Huw Ceredig Jones (22 June 1942 – 16 August 2011) was a Welsh actor, best known for portraying Reg Harries in the Welsh-language soap opera Pobol y Cwm.

Early life
Huw Ceredig was born in Brynamman, Carmarthenshire, in 1942, the son of Reverend Gerallt Jones, and Elizabeth J. Griffiths, a Welsh teacher. Ceredig was educated at Llandovery College, where one of his teachers was the Welsh rugby player and coach Carwyn James, before going on to train as a teacher at Trinity College in Carmarthen. He was a member of the renowned Cilie family of poets, and was raised in Llanuwchllyn. Ceredig was the brother of Welsh politician Alun Ffred Jones, folk singer/politician Dafydd Iwan, and Arthur Morus.

Ceredig re-mortgaged his house to purchase instruments for the new Welsh band Edward H. Dafis and introduced them to the stage for the first time at the Welsh National Eisteddfod in Ruthin in 1973.

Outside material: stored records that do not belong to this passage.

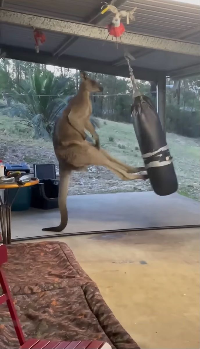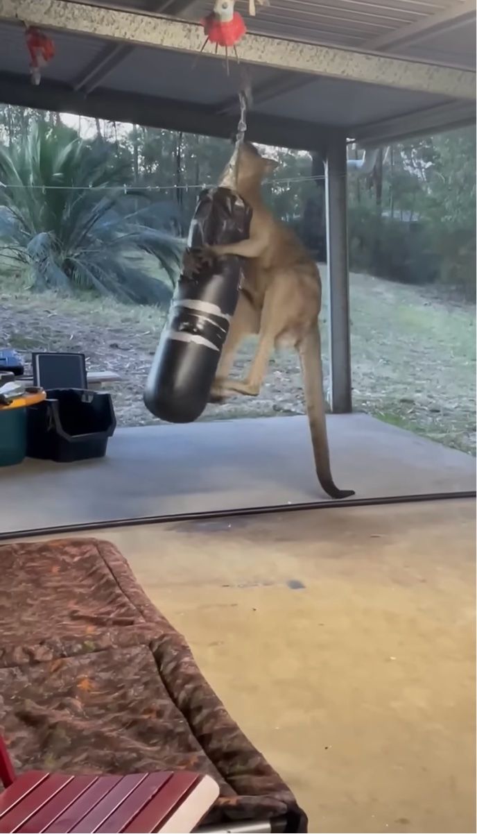 トレーニングに励むカンガルー。 筋肉質な脚でサンドバッグに強烈なキックを放ちます!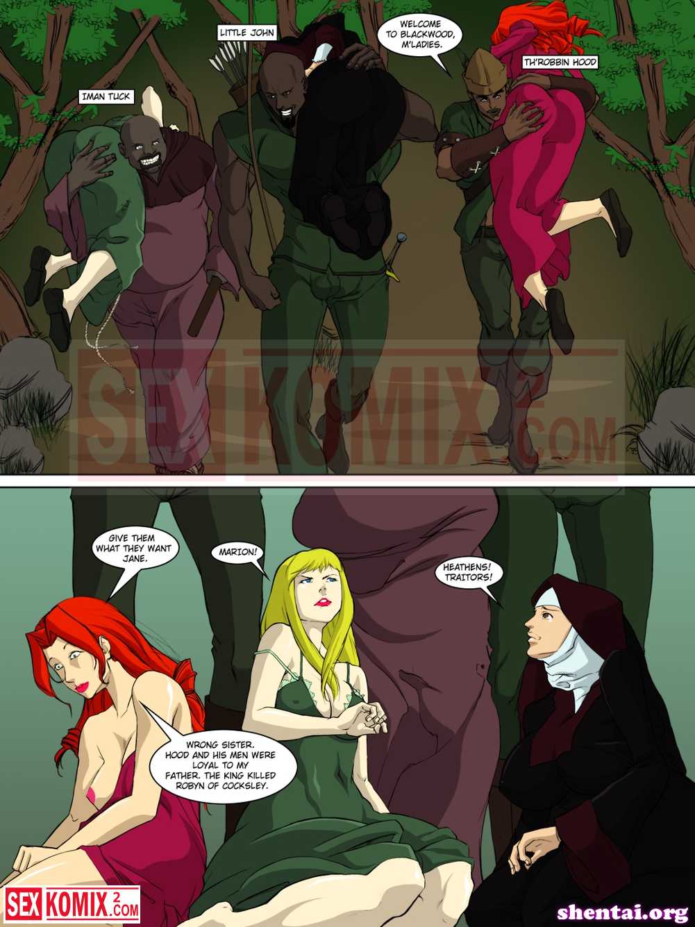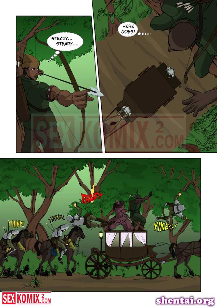 Порно комикс Приключения Тробин Гуда. Робин Гуд. Английский. Темнокожий грабитель спасает девушек от своих скучных мужей и трахает их большим черным членом.
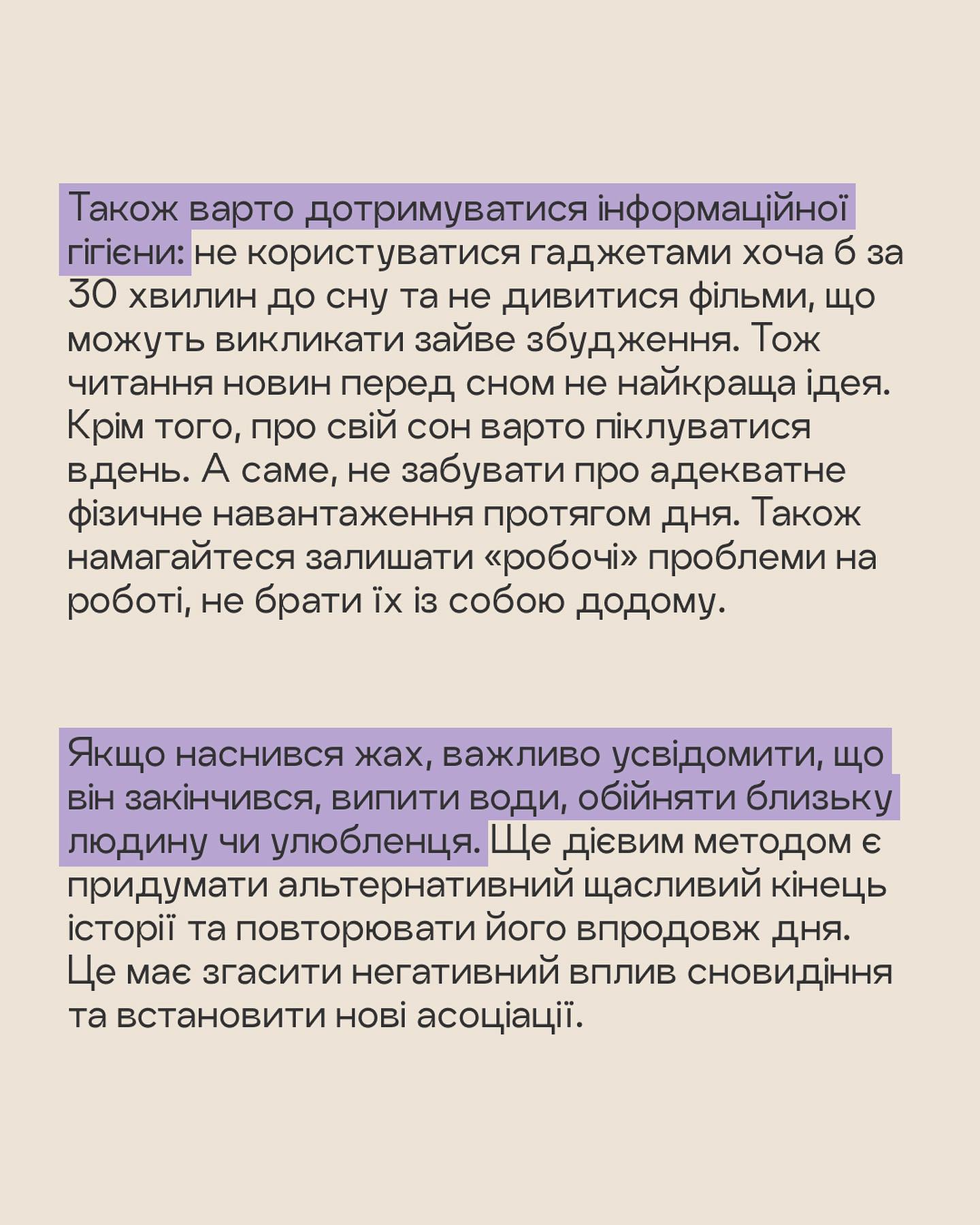 - пам'ятайте, що норма сну – 7-8 годин. Якщо не вдалося виспатися вночі, спробуйте "надолужувати" вдень.

He played the part of Reg Harris on S4C's long-running soap opera, Pobol y Cwm, for 29 years, from 1974 to 2003. He also played the father of Rhys Ifans and Llŷr Ifans, "Fatty Lewis", in the film Twin Town. He also provided Welsh-language voices for Superted, and more recently, Meees.

Career
In Huw's early days, he won a scholarship to Llandovery College, where one of his teachers was the Welsh rugby player and coach Carwyn James, before going on to train as a teacher at the Trinity University College. There his interest in drama was fuelled by the celebrated Welsh drama lecturer Norah Isaac, and while teaching in two schools at Maesteg, near Bridgend, he began acting as an amateur in his spare time, using the stage name Huw Ceredig.

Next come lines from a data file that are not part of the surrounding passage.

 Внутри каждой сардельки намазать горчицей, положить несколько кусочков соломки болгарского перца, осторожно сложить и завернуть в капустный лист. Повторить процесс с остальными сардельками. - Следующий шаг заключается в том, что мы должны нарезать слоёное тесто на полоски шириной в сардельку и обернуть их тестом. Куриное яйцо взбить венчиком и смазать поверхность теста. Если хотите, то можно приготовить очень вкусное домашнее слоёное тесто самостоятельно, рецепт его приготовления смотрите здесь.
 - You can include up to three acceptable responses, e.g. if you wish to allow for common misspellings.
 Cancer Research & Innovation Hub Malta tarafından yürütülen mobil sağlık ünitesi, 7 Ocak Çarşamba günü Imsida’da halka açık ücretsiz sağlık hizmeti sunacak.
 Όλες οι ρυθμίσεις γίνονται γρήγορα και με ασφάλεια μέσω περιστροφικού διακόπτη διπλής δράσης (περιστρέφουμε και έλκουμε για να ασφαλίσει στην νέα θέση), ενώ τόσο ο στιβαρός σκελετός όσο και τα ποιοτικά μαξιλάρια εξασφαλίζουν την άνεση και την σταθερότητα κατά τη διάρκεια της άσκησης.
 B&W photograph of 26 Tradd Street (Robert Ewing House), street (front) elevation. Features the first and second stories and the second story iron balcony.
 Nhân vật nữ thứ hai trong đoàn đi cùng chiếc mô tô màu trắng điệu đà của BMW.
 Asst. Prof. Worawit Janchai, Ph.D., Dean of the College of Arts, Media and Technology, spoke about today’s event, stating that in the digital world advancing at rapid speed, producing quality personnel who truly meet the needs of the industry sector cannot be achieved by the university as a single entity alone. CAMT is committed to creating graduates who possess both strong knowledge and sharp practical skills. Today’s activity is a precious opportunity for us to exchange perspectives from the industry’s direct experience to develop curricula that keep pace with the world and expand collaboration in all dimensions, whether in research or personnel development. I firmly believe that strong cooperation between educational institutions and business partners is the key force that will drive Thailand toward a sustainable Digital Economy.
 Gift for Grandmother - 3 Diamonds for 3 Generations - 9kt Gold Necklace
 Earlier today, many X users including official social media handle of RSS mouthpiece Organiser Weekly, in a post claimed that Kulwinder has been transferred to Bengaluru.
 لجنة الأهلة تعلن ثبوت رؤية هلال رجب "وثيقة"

After being spotted in productions at the Swansea Welsh language theatre, Ceredig was offered small parts on Welsh television. He was teaching at his local primary school in Laleston, near Bridgend, when, in his early 30s, he decided to become a professional actor.
He joined the cast of Pobol y Cwm at the outset, and remained a popular fixture in the show for almost 30 years. When he was written out in 2003 – Reg Harries met with a car accident – Ceredig was aggrieved that he had not been allowed to stay for another year to complete three full decades in the part.

Between 1987 and 1994 his on-screen son, Gareth Wyn Harries, was played by the young actor Ioan Gruffudd, who later became a film star, with credits including Titanic (1997), Black Hawk Down (2001), Fantastic Four (2005) and Rise of the Silver Surfer (2007).
Ceredig’s own film credits include the 1992 comedy Rebecca’s Daughters and the Dylan Thomas biopic The Edge of Love (2008). He also featured as Fatty Lewis in the cult comedy film Twin Town (1997), which launched the career of Rhys Ifans, and was also seen in other television roles in Emmerdale, Heartbeat and Z-Cars.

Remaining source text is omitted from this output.